ITEM 4.     OWNERSHIP:

            (a) Robert E. Robotti shares beneficial ownership of 121,990 shares
            of the Security through the following:

                  -     his ownership of Robotti & Company, a broker-dealer
                        registered under Section 15 of the Securities Exchange
                        Act of 1934 and an investment advisor in accordance with
                        Rule 13d-1 (b)(1)(ii)(E), by virtue of the investment
                        discretion Robotti & Company has over the accounts of
                        its brokerage customers and advisory clients, which hold
                        an aggregate of 120,690 shares of the Security; and
                  -     his ownership of Robotti & Company, which directly owns
                        1,300 shares of the Security.




                               Pages 5 of 8 Pages

                                  SCHEDULE 13G

            (b)   The amount of shares of the Security beneficially owned by
                  Robert E. Robotti is 6.6% of the total outstanding shares of
                  the Security.

            (c)   (i) Mr.

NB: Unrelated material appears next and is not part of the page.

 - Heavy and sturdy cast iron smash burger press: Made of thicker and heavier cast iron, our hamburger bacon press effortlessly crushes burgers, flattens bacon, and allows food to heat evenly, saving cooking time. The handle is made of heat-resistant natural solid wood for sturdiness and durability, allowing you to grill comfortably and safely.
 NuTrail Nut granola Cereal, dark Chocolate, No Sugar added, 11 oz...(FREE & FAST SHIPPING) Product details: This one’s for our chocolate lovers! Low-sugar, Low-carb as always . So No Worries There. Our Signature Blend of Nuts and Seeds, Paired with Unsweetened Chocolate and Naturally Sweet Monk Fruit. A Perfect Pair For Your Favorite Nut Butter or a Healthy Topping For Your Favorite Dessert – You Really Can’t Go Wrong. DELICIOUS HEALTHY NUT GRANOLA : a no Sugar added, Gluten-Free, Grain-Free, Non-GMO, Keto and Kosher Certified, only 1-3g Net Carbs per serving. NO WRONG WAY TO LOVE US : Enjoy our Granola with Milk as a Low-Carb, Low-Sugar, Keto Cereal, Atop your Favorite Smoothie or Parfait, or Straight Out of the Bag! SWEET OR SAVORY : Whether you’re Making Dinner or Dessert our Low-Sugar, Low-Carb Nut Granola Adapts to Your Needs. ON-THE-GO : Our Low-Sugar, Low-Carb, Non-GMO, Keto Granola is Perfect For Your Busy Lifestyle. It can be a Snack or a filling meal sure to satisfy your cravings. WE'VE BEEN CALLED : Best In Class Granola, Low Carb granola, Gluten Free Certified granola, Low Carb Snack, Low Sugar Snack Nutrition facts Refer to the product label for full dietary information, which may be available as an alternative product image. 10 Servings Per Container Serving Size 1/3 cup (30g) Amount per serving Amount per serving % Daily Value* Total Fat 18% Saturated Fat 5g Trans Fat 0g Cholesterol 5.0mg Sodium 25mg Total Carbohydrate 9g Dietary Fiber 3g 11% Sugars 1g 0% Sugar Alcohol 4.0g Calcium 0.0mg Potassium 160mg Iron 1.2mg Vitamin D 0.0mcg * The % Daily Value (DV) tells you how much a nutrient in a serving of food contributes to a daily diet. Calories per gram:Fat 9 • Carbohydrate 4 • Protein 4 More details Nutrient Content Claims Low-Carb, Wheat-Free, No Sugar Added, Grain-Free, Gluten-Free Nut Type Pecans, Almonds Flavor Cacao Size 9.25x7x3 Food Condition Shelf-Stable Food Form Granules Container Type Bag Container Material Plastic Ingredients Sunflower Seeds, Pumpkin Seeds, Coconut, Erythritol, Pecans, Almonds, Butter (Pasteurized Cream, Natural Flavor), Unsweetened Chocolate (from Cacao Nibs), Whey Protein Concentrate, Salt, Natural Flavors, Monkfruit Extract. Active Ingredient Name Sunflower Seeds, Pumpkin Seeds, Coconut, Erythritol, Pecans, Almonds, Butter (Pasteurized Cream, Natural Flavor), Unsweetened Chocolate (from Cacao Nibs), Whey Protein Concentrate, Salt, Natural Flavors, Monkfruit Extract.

Robotti does not have the sole power to vote or direct
                  the vote of any of the shares of the Security.

            (ii) Mr. Robotti shares the power to vote or direct the vote of
            121,990 shares of the Security with Robotti & Company.

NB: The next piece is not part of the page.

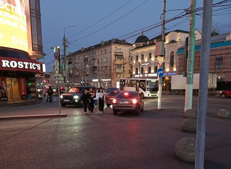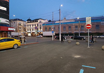 Вдоль Гостинки один из самых насыщенных пешеходами тротуар в Туле. Въезд с Советской сделали под углом , видимо чтобы авто могло на большей скорости залетать на парковку. Выезд на Советскую запретили знаком, но не все на него смотрят. Как результат получили конфликтную точку межу пешеходами и автомобистами на ровном месте.

            (iii) Mr. Robotti does not have the sole power to dispose or to
            direct the disposition of any of the shares of the Security.

            (iv) Mr. Robotti shares the power to dispose or to direct the
            disposition of 121,990 shares of the Security with Robotti &
            Company.



ITEM 5.     OWNERSHIP OF FIVE PERCENT OR LESS OF A CLASS:

            Not applicable.

ITEM 6.     OWNERSHIP OF MORE THAN FIVE PERCENT ON BEHALF OF ANOTHER PERSON:

            Not applicable.

ITEM 7.     IDENTIFICATION AND CLASSIFICATION OF THE SUBSIDIARY WHICH ACQUIRED
            THE SECURITY BEING REPORTED ON BY THE PARENT HOLDING COMPANY OR
            CONTROL PERSON.

            Not applicable.

ITEM 8.     IDENTIFICATION AND CLASSIFICATION OF MEMBERS OF THE GROUP:

            Not applicable.

ITEM 9.     NOTICE OF DISSOLUTION OF GROUP:

            Not applicable.




                               Pages 6 of 8 Pages

                                  SCHEDULE 13G

ITEM 10.    CERTIFICATIONS.

            By signing below I certify that, to the best of my knowledge and
            belief, the securities referred to above were acquired and are held
            in the ordinary course of business and were not acquired and are not
            held for the purpose of or with the effect of changing or
            influencing the control of the issuer of the securities and were not
            acquired and are not held in connection with or as a participant in
            any transaction having that purpose or effect.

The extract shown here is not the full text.